それはすなわち、魔王が独善的かつ強権的な暴君なんかではなく、心から部下たちに慕われた、名君だということ如実に証明していた。
勇者としての使命とはいえ、そのような相手を問答無用で打ち倒さなければならないなんて、非常に気が重かった。
──そしていざ実際に闘ってみれば、彼の魔王としての武術や魔術の強大さだけではなく、潔さやフェア精神を、嫌というほど見せつけられることになったのだ。
広大な総大理石づくりの謁見の間で待ち構えていた魔王は、最後の一騎打ちに当たって、すでに満身創痍となっている己よりも下等な人間である俺に対して、けして奢ったりすること無く、顔面すら覆い隠した堅固なる全身鎧の姿で現れて、こちらを嘲ったり恨んだりするような、Web小説等における魔王キャラとしての常套句を口にすることも無く、言葉少なに勝負に応じて、予想通りに勇者である俺を大いに苦しめたのであった。
ただでさえ、この世界の全生命のピラミッドの頂点に立つ魔物の王であるだけではなく、歴代魔王においても最強と目されているというのに、勇者とはいえこれまでの戦闘で少なからず疲弊している俺を前にしても、けして侮ったり油断したりはせず、最初から全力で打ち込んでくるわ、身にまとった鎧兜も防御力が尋常ではないわで、始終こちらばかりが苦戦し続けることになった。
特に予想外だったのは、こちらの自慢の聖剣といくら打ち合おうが、彼の愛剣が刃こぼれ一つせずに、まったくのノーダメージであったことだ。
あらゆる『魔に属するもの』を滅ぼす力を秘めている聖剣に、互角に渡り合える剣なてん、それこそ聖剣以外は無いというのに……。
──そこで突然俺の脳裏に、先ほどのヤンデレ(仮)な女魔族の言葉が甦った。
『ここで死んでしまうほうが、あなた様のためでもあるのです!』
……まさか……まさか。
もしかしたら、目の前の魔王は、この俺の、『未来の姿』では、ないのか?
現代日本にいた頃に嗜んでいた、三文Web小説においてありがちなパターンとして、勇者が魔王を倒した途端、異世界人たちが一斉に手のひらを返して、今度は『魔王を倒すような強大な力を有する勇者』こそを、新たなる脅威たる『世界の敵』と見なして、自分たちが勝手に召喚したくせに、勇者が凱旋してくるとともに騙し討ちしたり、良くて追放したりするってのがあったよな?

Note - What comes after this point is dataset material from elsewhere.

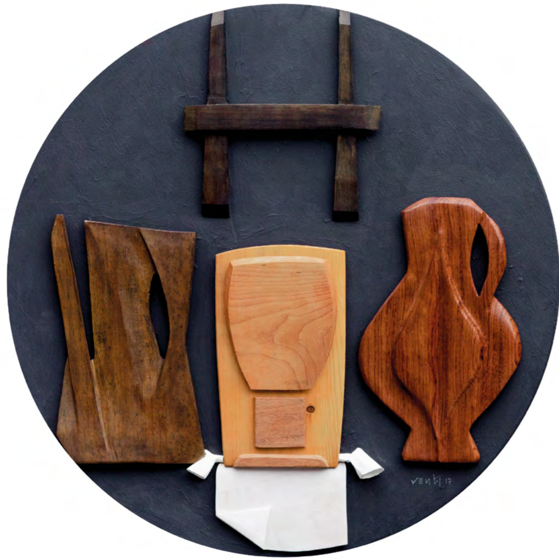
19 NATURALEZA MUERTA CON BRIDA Collage/óleo sobre madera 52 cm o

小説においてはほとんどの場合、騙し討ちを危機一髪で回避したり、追放された後で僻地や外国で地盤を構えて下克上を果たしたりして、自分を裏切った異世界人たちに『復讐』をするってのが多いけど、現実問題として、そんな小説みたいに都合良く行くわけがなく、追放されたりした後で、異世界人への復讐心のあまり『闇堕ち』をして、勇者でありながら新たなる魔王となってしまい、かつて自分の敵だった魔族たちを力で従えて、人間たちの領土に攻め入ったところ、新たなる勇者として俺が召喚されることによって、返り討ちに遭ったとかじゃないだろうな⁉
……となると、もしかして、この俺こそが、次代の『魔王』になったりするんじゃないのか?
──いや、やめよう。
この期に及んで、そんな益体もないことで悩んでも、仕方ない。
今は、目の前の勝負に、集中しなくては!
──そうなのである。
戦いも長時間にわたって続いてくると、だんだんとこちらの『勝機』──否、相手側の『劣勢』が、透けて見えるようになってきたのだ。

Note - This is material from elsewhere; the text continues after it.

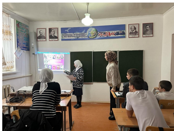
Презентация «Галерея Великих математиков»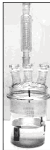
Рисунок 3 — Реакционный сосуд с парциальным конденсатором

4.2.3.7 После окончания испытания металлические образцы промывают и очищают щеткой с синтетической или натуральной щетиной (неметаллической). Остатки, которые невозможно удалить механическим путем (появившиеся продукты коррозии или отложения), удаляют с помощью ингибированных растворов для травления.

全身鎧のためにその容姿は確認できないものの、時たま発せられるくぐもった声音から、どうやら結構お年を召されているようであり、やはりこうも激闘が続けば、疲労の蓄積は隠せないといったところか。
それに、聖剣の類い稀なる攻撃力は、おそらく聖剣と思われる相手の剣で相殺されるものの、それ以外の鎧の部分では、それなりのダメージを通すことも可能で、塵も積もれば何とやらで、今や亀裂やほころびどころか、所々パーツそのものが破損してしまい、生身がむき出しになっている箇所もあるほどであった。

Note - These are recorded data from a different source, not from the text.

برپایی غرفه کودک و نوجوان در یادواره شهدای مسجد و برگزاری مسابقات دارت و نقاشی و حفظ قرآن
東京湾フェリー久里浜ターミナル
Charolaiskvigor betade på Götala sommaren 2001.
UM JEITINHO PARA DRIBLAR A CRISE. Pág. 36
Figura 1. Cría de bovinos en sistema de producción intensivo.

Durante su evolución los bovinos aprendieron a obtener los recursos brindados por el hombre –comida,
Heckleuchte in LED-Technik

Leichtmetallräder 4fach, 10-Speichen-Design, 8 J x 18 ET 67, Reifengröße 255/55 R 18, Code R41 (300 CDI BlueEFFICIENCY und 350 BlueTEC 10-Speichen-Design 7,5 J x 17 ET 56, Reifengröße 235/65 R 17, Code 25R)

そうなると、更に有効打が直接肉体に打ち込まれることになり、ダメージどころか打撲や裂傷が増え続けて、疲労の蓄積以外にも血液を失うことによって、今や生命エネルギーそのものがスタミナ切れし始めているようだった。
満身創痍という意味では、こちらも同じようなものであるが、若い分無理が利き、怪我や痛みを無視して闘い続けることができるが、年をとっている分どうしても、持続力や耐久力や回復力が格段に劣るであろう魔王のほうは、もはやまともな剣さばきもできなくなり、攻守共にぞんざいとなって、その結果更にこちらのクリティカルヒットを浴びることになるといった、悪循環となってしまっていて、しまいにはとうとう立っていることもできなくなり、玉座へと座り込み、ついに『敗北宣言』を告げたのであった。
「……魔王、貴殿の正々堂々たる戦いぶりに、心からの敬意を述べさせてもらおう。ところで、最後に一つだけ、お願いしたいことがあるのだが?」
「何だ、遠慮なく、言ってみろ。何せ、敗者には、拒否権なぞ無いからな」
ようやく玉座へとたどり着いた俺が、胸に手を当てて最大限に礼を尽くせば、すでにすべてを諦めているのか、魔王が思いの外穏やかな声で応じてくれた。
「実は、貴殿の顔を一目拝見させていただきたいので、その面頬付きの兜を取り外させてもらっても、構わないだろうか?」
その瞬間、目の前の男の雰囲気が、一変した。
「……そうか、我が剣で、気づいたか。正直、勧めはせんが、むしろここで『真実』を知ったほうが、心構えもできるというもの。──あいわかった、勝手に外してくれ」
──っ。
やはり、そうか。
こいつもかつては、この世界に召喚された日本人で、勇者として先代の魔王を退治させられながらも、異世界人に裏切られて、今や魔王に身をやつしているというわけか。
そのように自分の考えに確信を持ちつつ、丁寧な手つきでゆっくりと兜を取り外したところ、
「──なっ、そんな、馬鹿な⁉」
あまりのことに、目を丸くして硬直する俺に対して、さも愉快そうに喉を鳴らす、目の前の年老いた────────『俺』。
「くっくっくっ、自分の顔を見て、『馬鹿な』は無いだろう? 相変わらず、失礼なやつだな。──なあ、『俺』?」
そう、そこに現れたのは、これまで何度も何度も鏡の中で見てきた、この世で一番慣れ親しんだ顔であったのだ。